**Listed entries:**
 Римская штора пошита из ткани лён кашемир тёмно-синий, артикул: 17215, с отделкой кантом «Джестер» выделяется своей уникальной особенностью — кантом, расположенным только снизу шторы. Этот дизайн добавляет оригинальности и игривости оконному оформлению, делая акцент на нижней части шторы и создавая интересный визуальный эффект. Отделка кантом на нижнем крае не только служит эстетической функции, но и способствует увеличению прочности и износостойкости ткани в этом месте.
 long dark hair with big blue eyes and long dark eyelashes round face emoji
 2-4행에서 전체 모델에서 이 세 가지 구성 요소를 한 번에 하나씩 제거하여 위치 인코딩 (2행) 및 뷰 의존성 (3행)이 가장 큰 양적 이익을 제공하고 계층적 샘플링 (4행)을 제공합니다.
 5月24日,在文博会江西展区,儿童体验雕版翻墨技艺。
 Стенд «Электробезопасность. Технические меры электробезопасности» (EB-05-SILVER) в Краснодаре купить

---

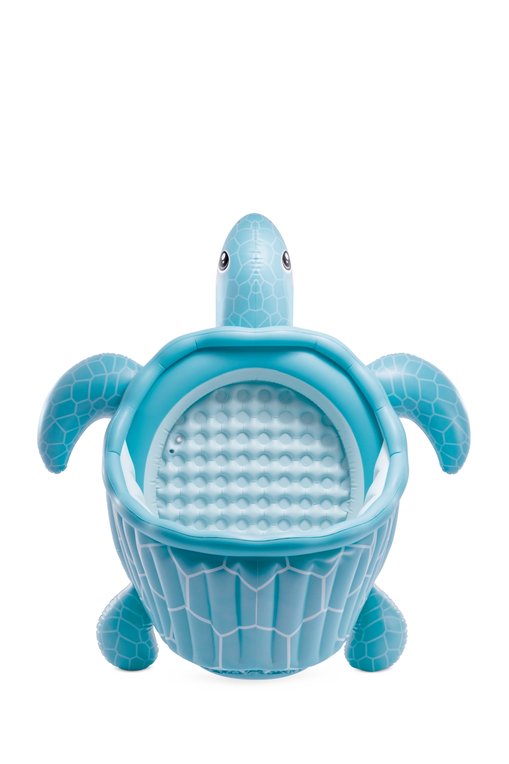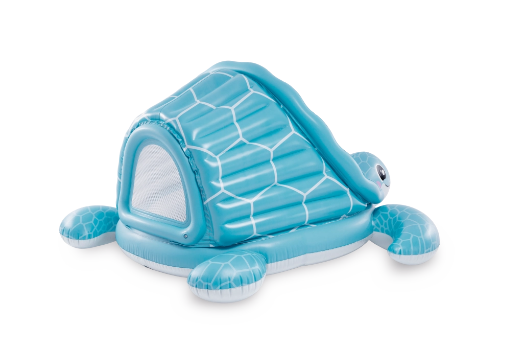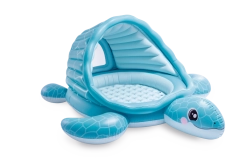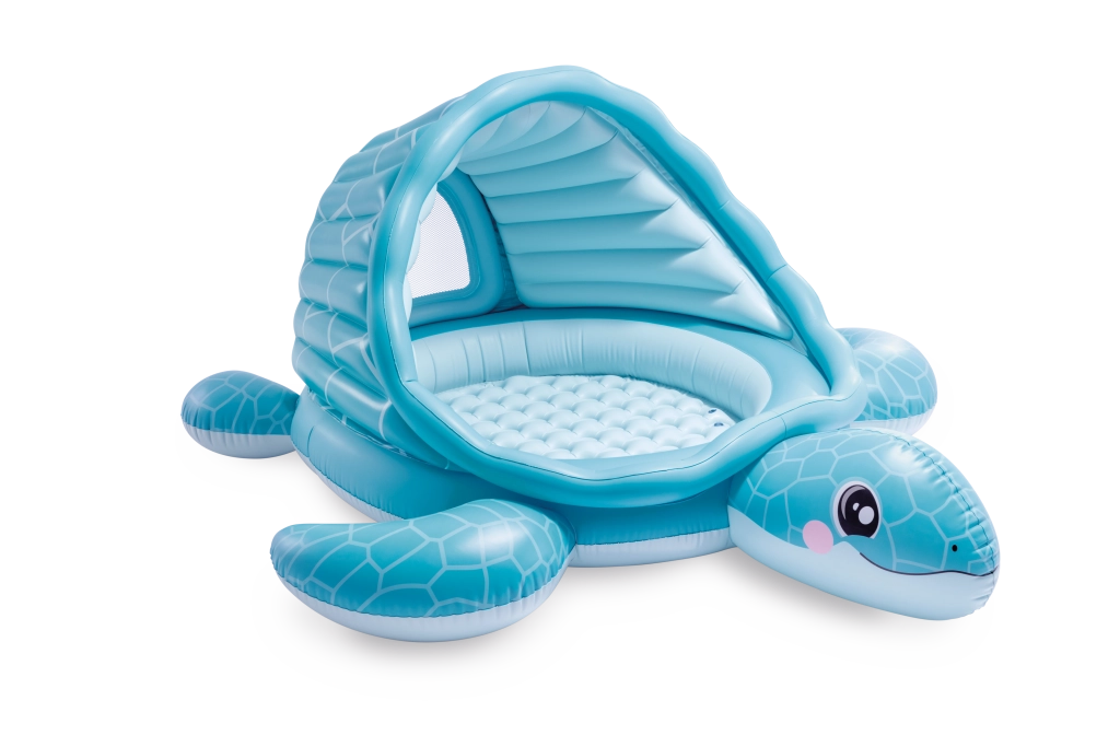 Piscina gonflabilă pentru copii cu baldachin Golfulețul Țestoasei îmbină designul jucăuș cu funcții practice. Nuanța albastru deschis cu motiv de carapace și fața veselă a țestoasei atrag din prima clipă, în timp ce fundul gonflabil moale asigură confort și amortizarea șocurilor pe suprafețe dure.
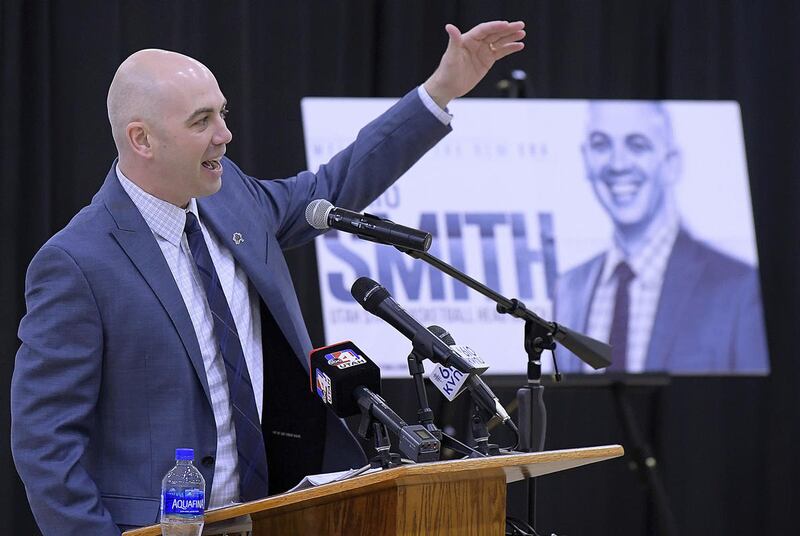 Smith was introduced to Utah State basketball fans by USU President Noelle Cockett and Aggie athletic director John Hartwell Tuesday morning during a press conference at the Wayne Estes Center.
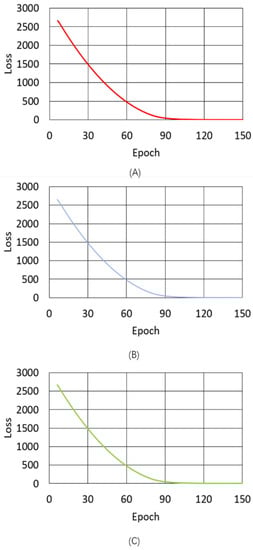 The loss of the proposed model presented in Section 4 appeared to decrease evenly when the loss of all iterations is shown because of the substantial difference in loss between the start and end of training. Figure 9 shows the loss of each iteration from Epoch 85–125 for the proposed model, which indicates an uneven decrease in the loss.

**Your assignment:** Go to the line in the material above that contains "long dark hair" and copy exactly from there through the line that contains "в Краснодаре купить", stopping after it.

**Exercise answer:**
 long dark hair with big blue eyes and long dark eyelashes round face emoji
 2-4행에서 전체 모델에서 이 세 가지 구성 요소를 한 번에 하나씩 제거하여 위치 인코딩 (2행) 및 뷰 의존성 (3행)이 가장 큰 양적 이익을 제공하고 계층적 샘플링 (4행)을 제공합니다.
 5月24日,在文博会江西展区,儿童体验雕版翻墨技艺。
 Стенд «Электробезопасность. Технические меры электробезопасности» (EB-05-SILVER) в Краснодаре купить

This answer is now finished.